Provided material:

§ §

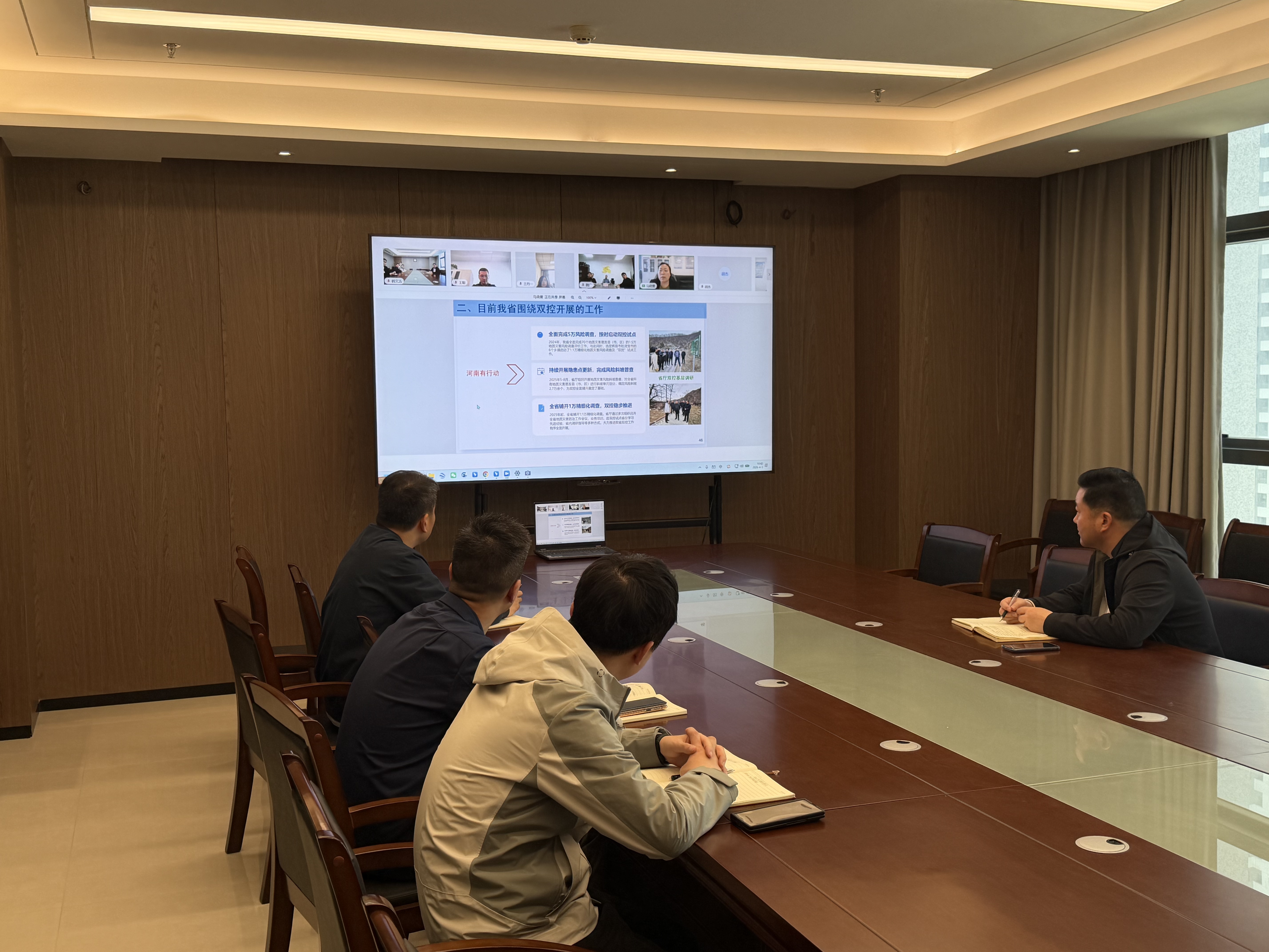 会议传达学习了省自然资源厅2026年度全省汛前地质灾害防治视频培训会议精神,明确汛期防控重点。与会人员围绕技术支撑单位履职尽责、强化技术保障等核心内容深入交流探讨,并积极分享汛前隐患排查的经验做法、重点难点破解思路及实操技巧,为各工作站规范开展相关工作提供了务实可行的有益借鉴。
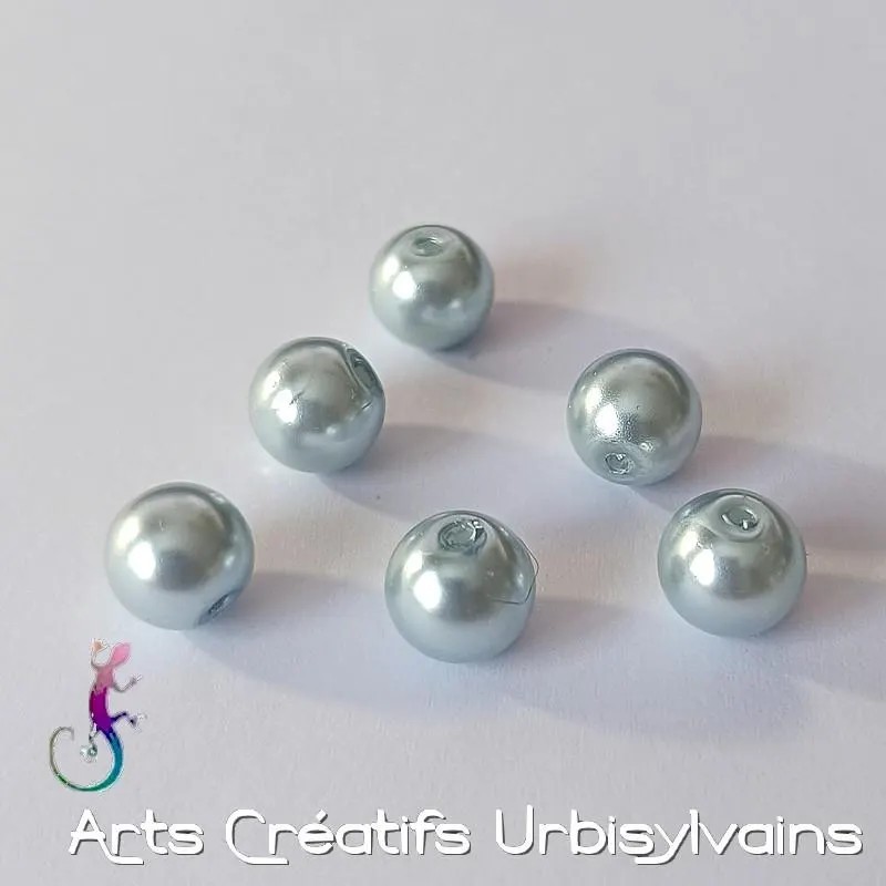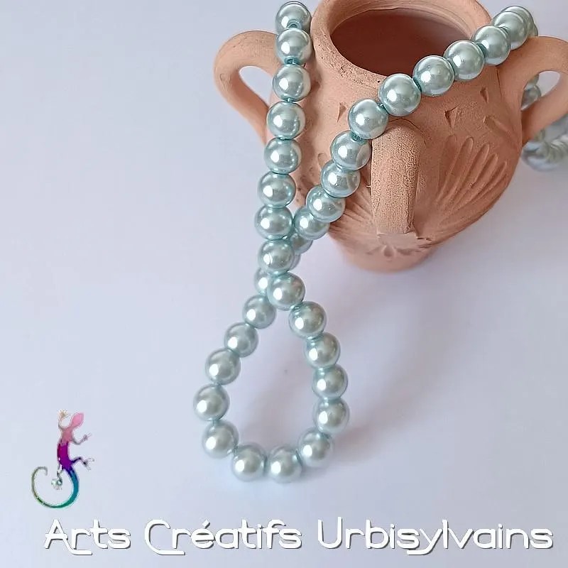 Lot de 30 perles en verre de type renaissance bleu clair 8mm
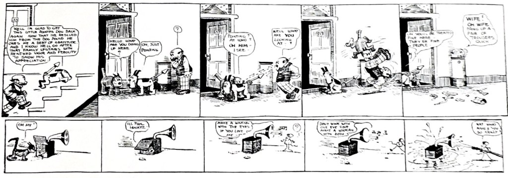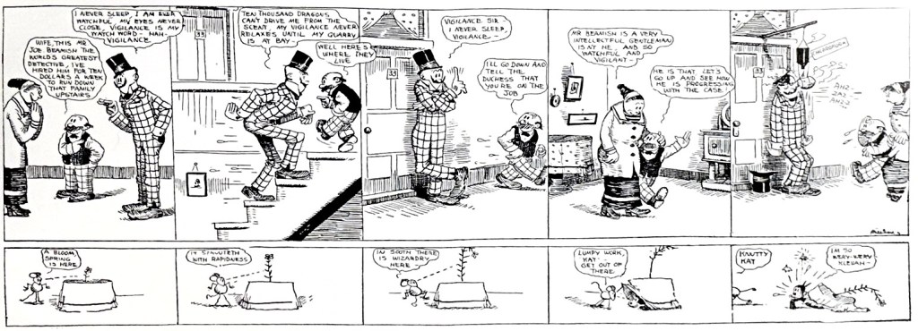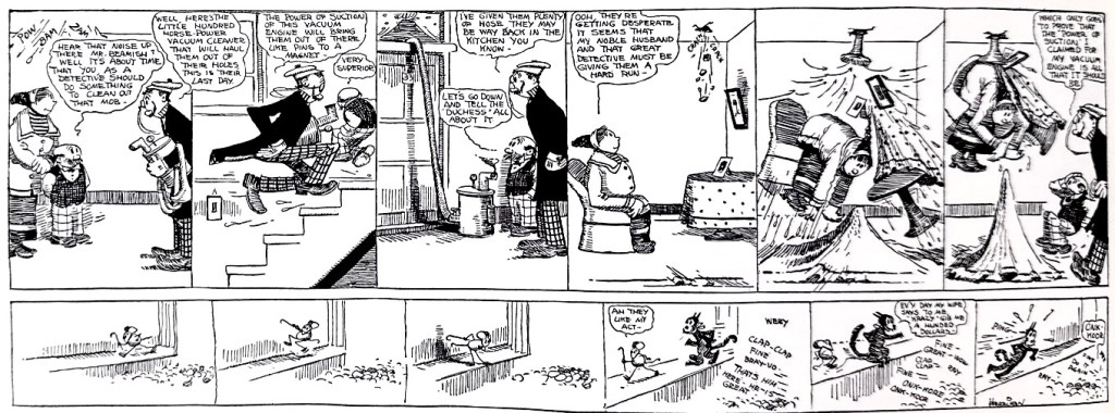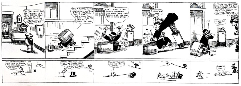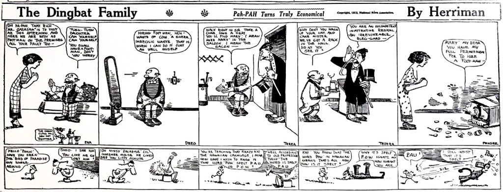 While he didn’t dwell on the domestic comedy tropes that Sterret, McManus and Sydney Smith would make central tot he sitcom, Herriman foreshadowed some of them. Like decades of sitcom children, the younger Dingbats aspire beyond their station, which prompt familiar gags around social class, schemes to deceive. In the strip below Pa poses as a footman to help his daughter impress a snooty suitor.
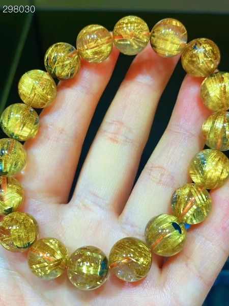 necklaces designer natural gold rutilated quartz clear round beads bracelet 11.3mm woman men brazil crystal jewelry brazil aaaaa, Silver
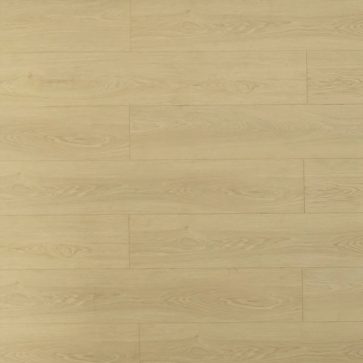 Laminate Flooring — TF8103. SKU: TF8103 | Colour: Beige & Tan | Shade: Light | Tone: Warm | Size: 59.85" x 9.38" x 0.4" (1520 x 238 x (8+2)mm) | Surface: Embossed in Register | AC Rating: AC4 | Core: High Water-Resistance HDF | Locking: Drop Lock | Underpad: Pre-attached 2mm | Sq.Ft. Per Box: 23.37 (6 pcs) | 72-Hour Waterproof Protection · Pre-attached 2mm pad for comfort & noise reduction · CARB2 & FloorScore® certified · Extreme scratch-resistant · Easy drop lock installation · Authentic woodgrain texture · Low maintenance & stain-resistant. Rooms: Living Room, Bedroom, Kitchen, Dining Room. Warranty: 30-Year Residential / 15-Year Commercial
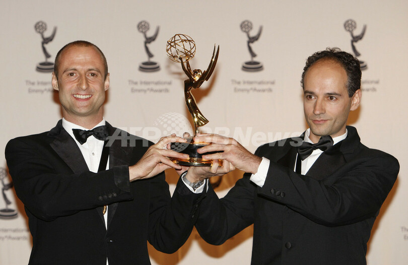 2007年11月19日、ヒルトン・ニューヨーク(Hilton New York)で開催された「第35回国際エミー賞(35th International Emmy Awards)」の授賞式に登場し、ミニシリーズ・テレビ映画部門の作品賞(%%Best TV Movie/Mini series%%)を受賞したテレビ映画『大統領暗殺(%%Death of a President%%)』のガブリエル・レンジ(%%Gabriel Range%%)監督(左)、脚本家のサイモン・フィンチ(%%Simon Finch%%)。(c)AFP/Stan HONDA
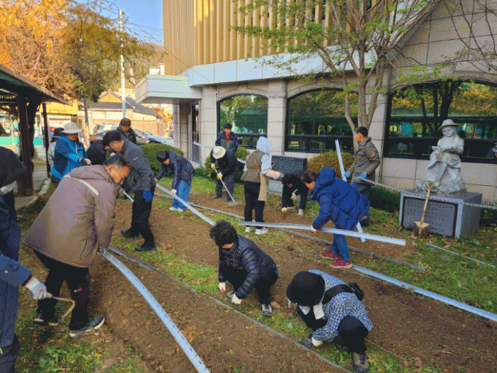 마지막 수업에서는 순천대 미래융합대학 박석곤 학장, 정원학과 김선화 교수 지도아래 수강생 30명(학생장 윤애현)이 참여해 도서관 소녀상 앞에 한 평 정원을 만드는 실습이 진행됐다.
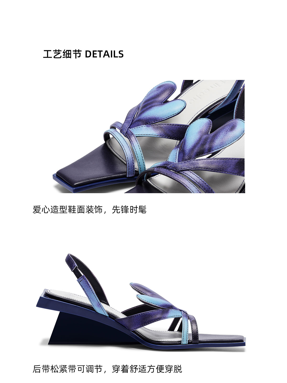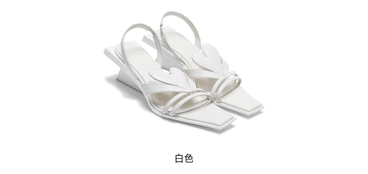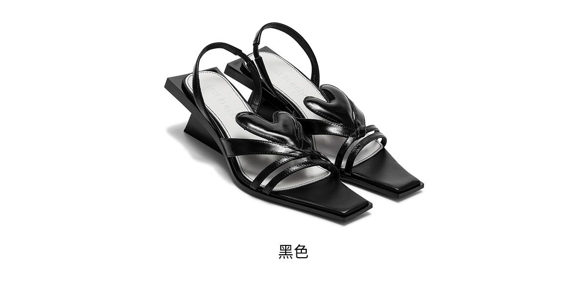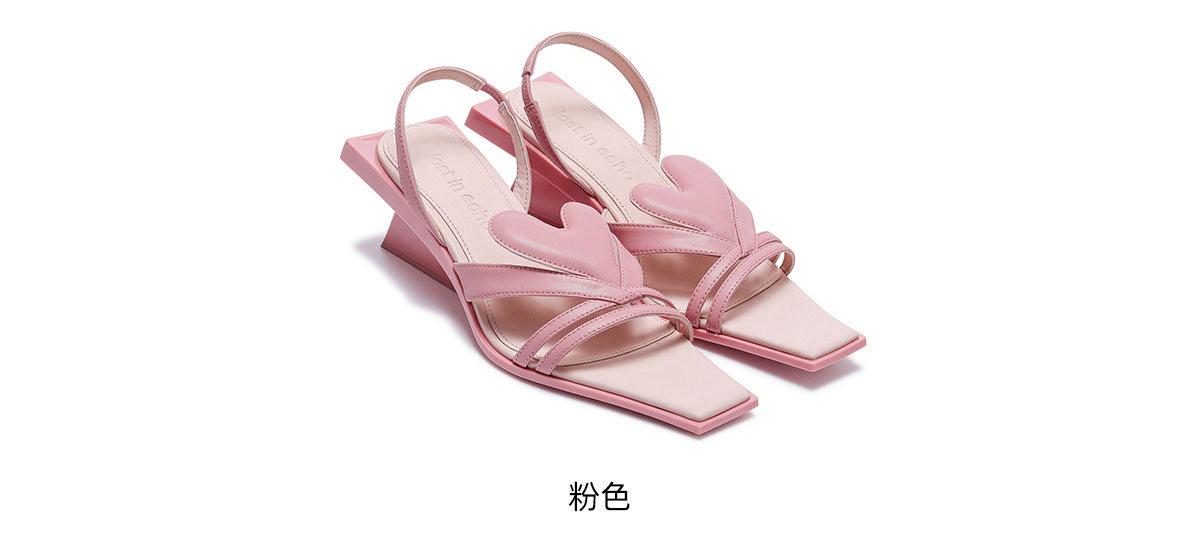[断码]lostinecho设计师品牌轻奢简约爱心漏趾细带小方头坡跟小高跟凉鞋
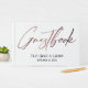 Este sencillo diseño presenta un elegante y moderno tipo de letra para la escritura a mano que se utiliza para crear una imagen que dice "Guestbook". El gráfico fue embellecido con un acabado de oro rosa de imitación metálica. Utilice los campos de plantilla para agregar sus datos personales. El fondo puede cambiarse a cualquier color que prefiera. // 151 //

§ §

Activity: Produce a verbatim copy of all records, minus pictures.

Exercise output:
 会议传达学习了省自然资源厅2026年度全省汛前地质灾害防治视频培训会议精神,明确汛期防控重点。与会人员围绕技术支撑单位履职尽责、强化技术保障等核心内容深入交流探讨,并积极分享汛前隐患排查的经验做法、重点难点破解思路及实操技巧,为各工作站规范开展相关工作提供了务实可行的有益借鉴。
 Lot de 30 perles en verre de type renaissance bleu clair 8mm
 While he didn’t dwell on the domestic comedy tropes that Sterret, McManus and Sydney Smith would make central tot he sitcom, Herriman foreshadowed some of them. Like decades of sitcom children, the younger Dingbats aspire beyond their station, which prompt familiar gags around social class, schemes to deceive. In the strip below Pa poses as a footman to help his daughter impress a snooty suitor.
 necklaces designer natural gold rutilated quartz clear round beads bracelet 11.3mm woman men brazil crystal jewelry brazil aaaaa, Silver
 Laminate Flooring — TF8103. SKU: TF8103 | Colour: Beige & Tan | Shade: Light | Tone: Warm | Size: 59.85" x 9.38" x 0.4" (1520 x 238 x (8+2)mm) | Surface: Embossed in Register | AC Rating: AC4 | Core: High Water-Resistance HDF | Locking: Drop Lock | Underpad: Pre-attached 2mm | Sq.Ft. Per Box: 23.37 (6 pcs) | 72-Hour Waterproof Protection · Pre-attached 2mm pad for comfort & noise reduction · CARB2 & FloorScore® certified · Extreme scratch-resistant · Easy drop lock installation · Authentic woodgrain texture · Low maintenance & stain-resistant. Rooms: Living Room, Bedroom, Kitchen, Dining Room. Warranty: 30-Year Residential / 15-Year Commercial
 2007年11月19日、ヒルトン・ニューヨーク(Hilton New York)で開催された「第35回国際エミー賞(35th International Emmy Awards)」の授賞式に登場し、ミニシリーズ・テレビ映画部門の作品賞(%%Best TV Movie/Mini series%%)を受賞したテレビ映画『大統領暗殺(%%Death of a President%%)』のガブリエル・レンジ(%%Gabriel Range%%)監督(左)、脚本家のサイモン・フィンチ(%%Simon Finch%%)。(c)AFP/Stan HONDA
 마지막 수업에서는 순천대 미래융합대학 박석곤 학장, 정원학과 김선화 교수 지도아래 수강생 30명(학생장 윤애현)이 참여해 도서관 소녀상 앞에 한 평 정원을 만드는 실습이 진행됐다.
[断码]lostinecho设计师品牌轻奢简约爱心漏趾细带小方头坡跟小高跟凉鞋
 Este sencillo diseño presenta un elegante y moderno tipo de letra para la escritura a mano que se utiliza para crear una imagen que dice "Guestbook". El gráfico fue embellecido con un acabado de oro rosa de imitación metálica. Utilice los campos de plantilla para agregar sus datos personales. El fondo puede cambiarse a cualquier color que prefiera. // 151 //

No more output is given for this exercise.